In two earlier articles on Oracle Analytics Cloud I have introduced the Oracle OpenWorld 2018 Session Catalog Data Set (First steps with Oracle Analytics Cloud – Gather, Explore, Wrangle, Visualize and Creating a Data Flow in Oracle Analytics Cloud to enriching with Geo Encoding to Map visualization of data) . A set with over 2000 session records, describing presentations at Oracle OpenWorld and CodeOne 2018. Each session has a title, a duration, is associated with one or more tracks, has a certain level, takes place in a specific room and is scheduled on a specific day and time. In the earlier articles, I have visualized some of these qualities, such as the geographical spread of the sessions visualized on a map of downtown San Francisco.
In this article I will take a look at some of the date and time aspects of this data set. I want to find out what the busiest times are throughout the day and throughout the week – in terms of the number of concurrent sessions.
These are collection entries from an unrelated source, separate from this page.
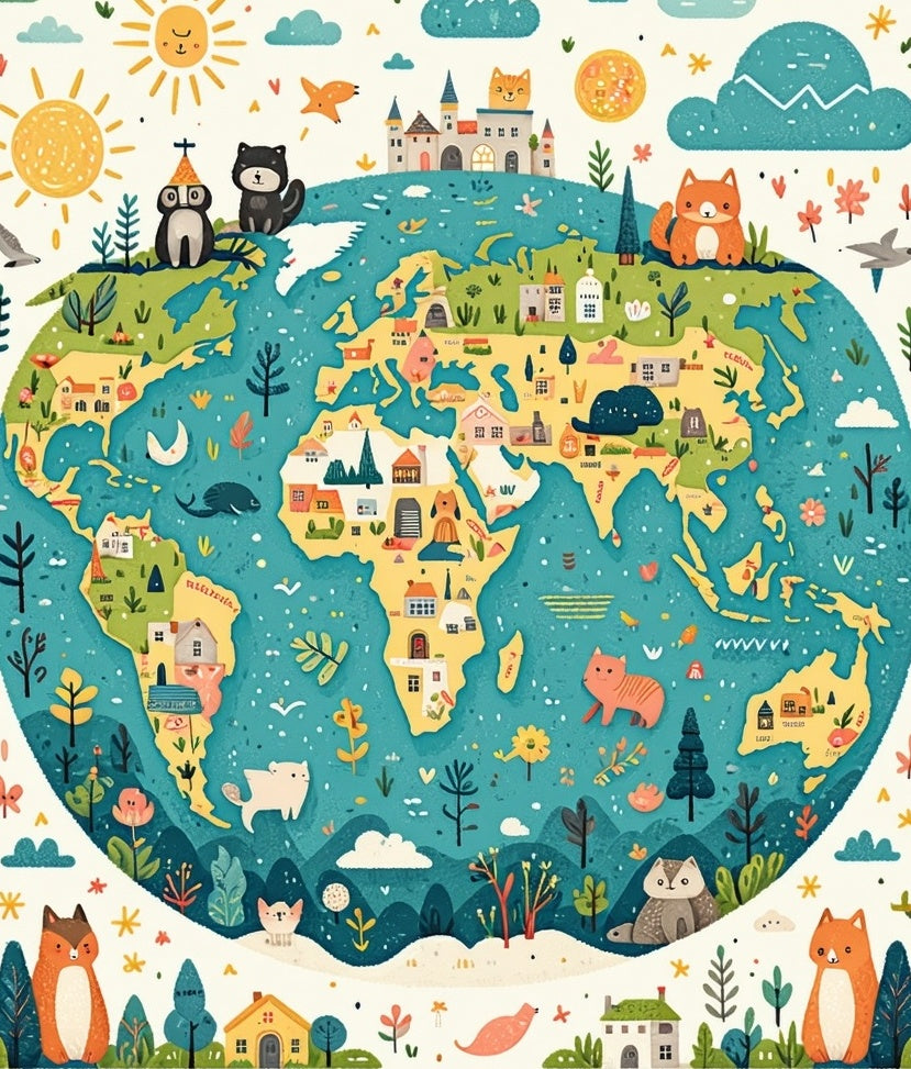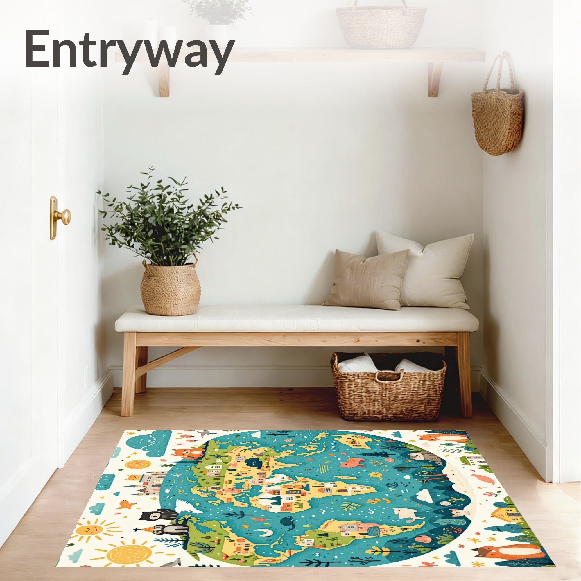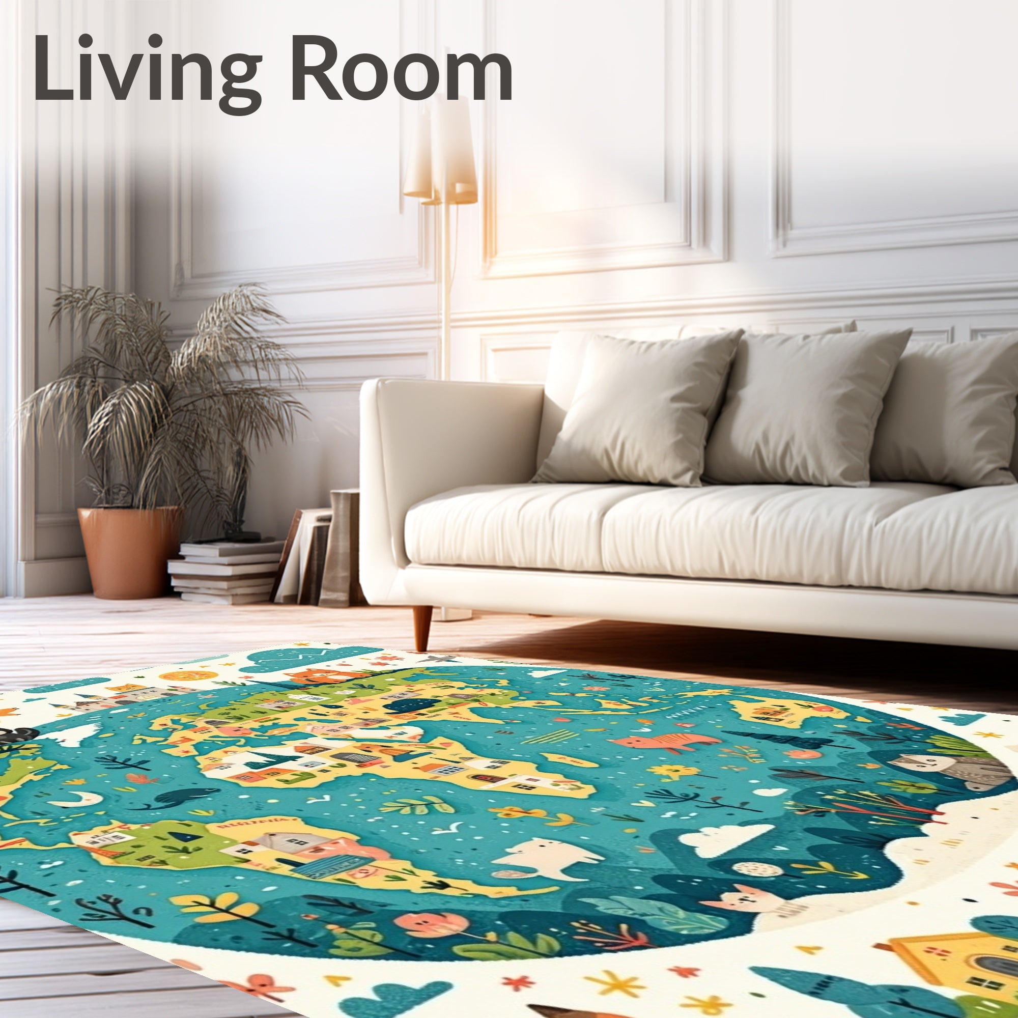 Flatwoven High Traffic Area Rug, Cartoon Animals and Geographic Icons Round, Non Slip, Stain Resistant, Washable Area Rugs for Living Room, Bedroom (Blue) Overview:
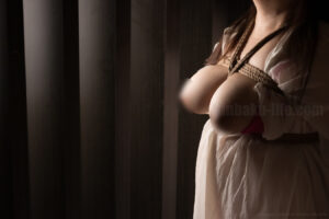 白いブラウスに包まれた胸元を、生成りの縄で強調した写真です
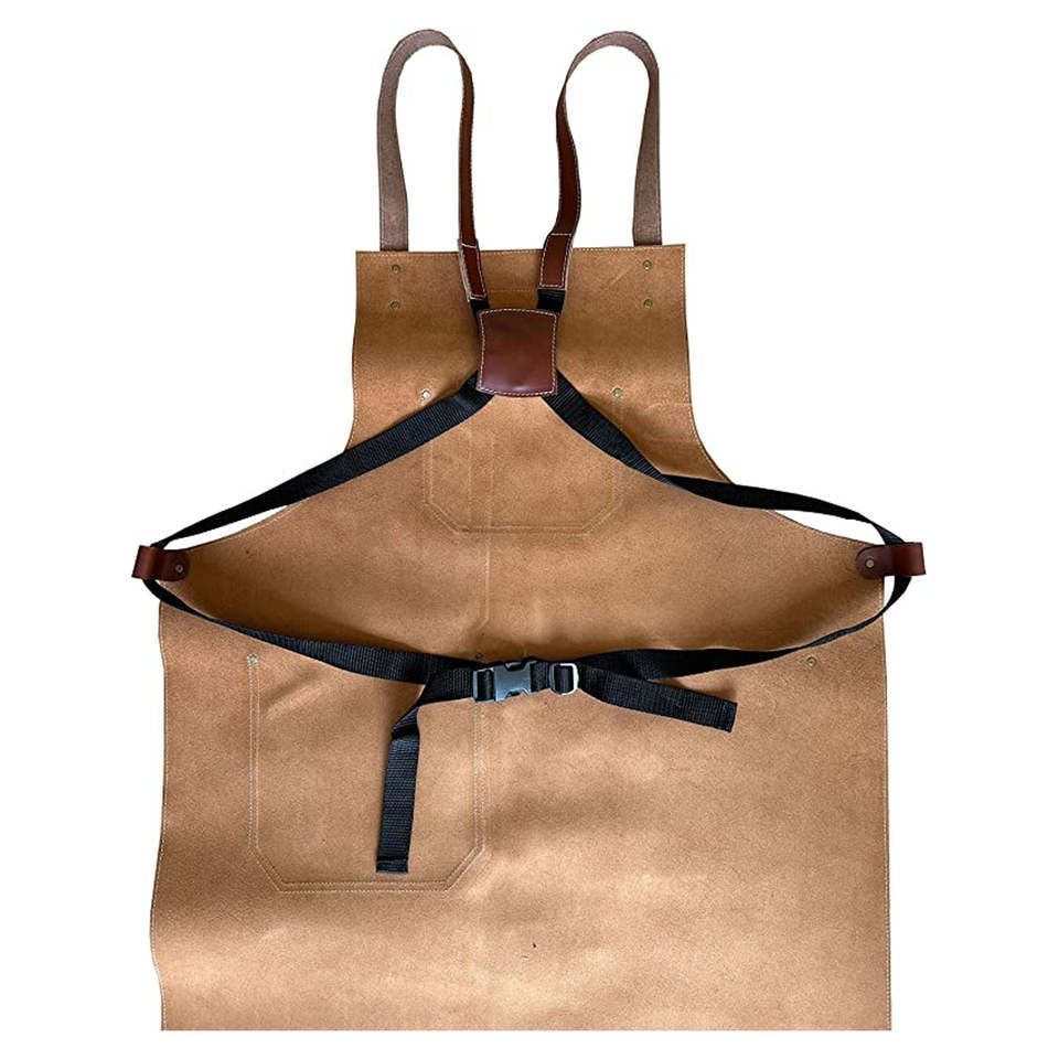 ผ้ากันเปื้อนหนังวัวแท้อเนกประสงค์แบบมืออาชีพผ้ากันเปื้อนสำหรับช่างตัดผมหนัง
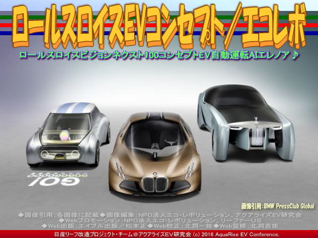 ・・・前回『ロールスロイスEVコンセプト/エコレボ』のブログの続きは以下です。 【ロールスロイスEVコンセプト(2)/エコレボ 01】 【ロールスロイスEVコンセプト(2)/エコレボ 02】 【ロールスロイスEVコンセプト(2)/エコレボ 03】 into the future of luxury』(1:56)youTube動画を見ると、CMプロモーションの域を超えた上質の映像に映し出される、独特なフォルムとゴージャスさで人目を惹きつけます。紹介されているロールス・ロイスという100年先の未来のクルマは当然のことながら、登場する女優と男優もカッコいいです。タイトルから察すると、100年後のロールスロイスの豪華さラグジュアリーへの旅はこのロールスロイスを見てほしいということなのでしょう(※参照:Rolls-Royce 103EX)。・・・つづく ちなみに、当NPOエコレボリューション(<エコレボNET><エコ・レボCOM><エコレボINFO>)は、「BMW Vision Next 100 Concept(BMWビジョンネクスト100コンセプト)」やBMWi3についてはレンジエクステンダー車でなくて、100%バッテリー仕様のBEV電気自動車「BMWi3EV」関連のブログを以下のようにアップしています。※「BMWグループが創立100周年を迎える」のBMW公式PDF案内書、又は当ブログ編集のJPG文書参照。 160724『BMWビジョンネクスト100(5)/NPOエコレボ』 160723『BMWビジョンネクスト100(4)/NPOエコレボ』 160722『BMWビジョンネクスト100(3)/NPOエコレボ』 160721『BMWビジョンネクスト100(2)/NPOエコレボ』 160720『BMWビジョンネクスト100/NPOエコレボ』 151216『BMWi3(5)/大阪モーターショー2015』 151215『BMWi3(4)/大阪モーターショー2015』 151214『BMWi3(3)/大阪モーターショー2015』 151213『BMWi3(2)/大阪モーターショー2015』 151212『BMWi3/大阪モーターショー2015』 150714『EVメーカーのSDとCSR(3)EV研究会』 150713『EVメーカーのSDとCSR(2)/EV研究会』 150712『EVメーカーのSDとCSR/EV研究会』 150710『EVメーカーのCSR(3)/リーフEV研』 150709『EVメーカーのCSR(2)/リーフEV研』 150708『EVメーカーのCSR/リーフEV研』 150707『EVメーカーの急速充電(3)/リーフEV研』 150706『EVメーカーの急速充電(2)/リーフEV研』 150705『EVメーカーの急速充電/リーフEV研』 150704『BMWi3EV型のスペック/エルベオート』 150703『BMW電気自動車i3(6)/リーフEV研』 150702『BMW電気自動車i3(5)/リーフEV研』 150701『BMW電気自動車i3(4)/リーフEV研』 150606『EV電気自動車のASV(3)/リーフEV研』 150605『EV電気自動車のASV(2)/リーフEV研』 150604『EV電気自動車のASV/リーフEV研』 150603『EV電気自動車のQS(3)/リーフEV研』 150602『EV電気自動車のQS(2)/リーフEV研』 150601『EV電気自動車のQS/リーフEV研』 150530『BMW電気自動車i3(3)/リーフEV研』 150529『BMW電気自動車i3(2)/リーフEV研』 150528『BMW電気自動車i3/リーフEV研』 あわせてご覧いただければ幸いです。 |

I want to find out about evening sessions at CodeOne and I want to present a timeline of the events as the week unfolds.
Enriching the Data Set with a Session Date and Timestamp
To show a timeline, the records need a Timestamp. However, they do not have one. The sessions have a day column with values Monday, Tuesday, etc. We know that Oracle OpenWorld 2018 took place from Sunday 21st of October until Thursday 25th of October.
We know therefore how to convert the day to a real session_date.
There are at least three ways to get a new value available for visualization:
- add a calculation on the visualization tab
- add step (and a new column) in the data preparation tab for a data set
- add a step in the data flow and create a new column into the target data set
The last option seems to me to be most robust – I had some exceptions with the two other approaches – so I will apply that one.
Open the Data Flow GeoVenueEnrichSessions – that also adds venues and geo coordinates to all sessions. Add a step Add Columns.
Configure this step: the new column is called session_date and it is to contain the date of the session. The value is composed as a string that is subsequently converted to a real date attribute using the To_DateTime function:
To_DateTime (concat(concat(‘2018-10-‘, case when day=’Sunday’ then ’21’ when day=’Monday’ then ’22’ when day=’Tuesday’ then ’23’ when day=’Wednesday’ THEN ’24’ when day=’Thursday’ THEN ’25’ ELSE ’25’ END),concat(concat(‘ ‘,cast(hour(time) as char(2))), concat(‘:’,cast(minute(time) as char(2))))), ‘yyyy-mm-dd hh:mi’)
Press Save and Run Data Flow. This will add the session_date column to the data set and calculate the value for each session.
Timeline to Show the Number of Sessions per Day per Event Throughout the Week
Using the new brand new session_date data element I can now create a timeline. Session_date is the category element of the timeline. Event and Row_Count are added to the picture. Now I can easily tell how many CodeOne sessions take place on October 24th: 116 sessions.
Sessions throughout the Day
Using the the Hour component of the time data element in the data set, I can easily get an idea of when the sessions start – throughout the day. The peak is from 11AM to 1PM and at night there are quite a few sessions too:
I run into issues with processing the minutes part of the session time data element. Rather than trying to fix this issue, I decide to stick to the hour component. I want to add to each session a session_time attribute that indicates the hour [slot] in which the session started.
In this case I will add session_time in the visualization tab by simply adding a calculation. The expression I have used:
TimeStampAdd(SQL_TSI_hour,(hour(time)), session_date)
(this takes the session_date – which has a time component of midnight of the date – and add as many hour to that timestamp as is the value of the hour part of the time attribute
Using the session_time timestamp I can create a timeline that shows for each hour of each day how many sessions start in that hour:
Timeline with Filtering
Here I have added a filter on session type to the timeline. This results in an easy insight in when Birds of a Feather and Ignite sessions take place: at night. On Monday and Tuesday. And I feel a special connection with this finding: I presented on both Monday Night and Tuesday Night. On one occasion for an audience of 2 (yes, that is two) – of whom one was asleep for most of the session…
Heatmap of Number of Sessions throughout the Day and the Week
This heatmap shows what I am after – the darker blue the cell, the higher the number of sessions:
The busiest time of the week turns out to be:
Tuesday, 12PM – with 98 sessions starting in that one hour slot. As well as lunch.
Part of the Day – Morning, Afternoon, Evening
In the Data Flow, create a new column called session_day_part using the following case expression that divides the rows into three groups: morning, afternoon and evening.
case when hour(time)<12 then ‘morning’ when hour(time)>17 then ‘evening’ else ‘afternoon’ end
Press Save and Run Data Flow to modify the data flow and create the new column.
Two quick visualizations – indicative of the numbers of sessions in the morning, the afternoon and the evening:
and
Clearly the afternoons are busiest, Monday is the busiest day.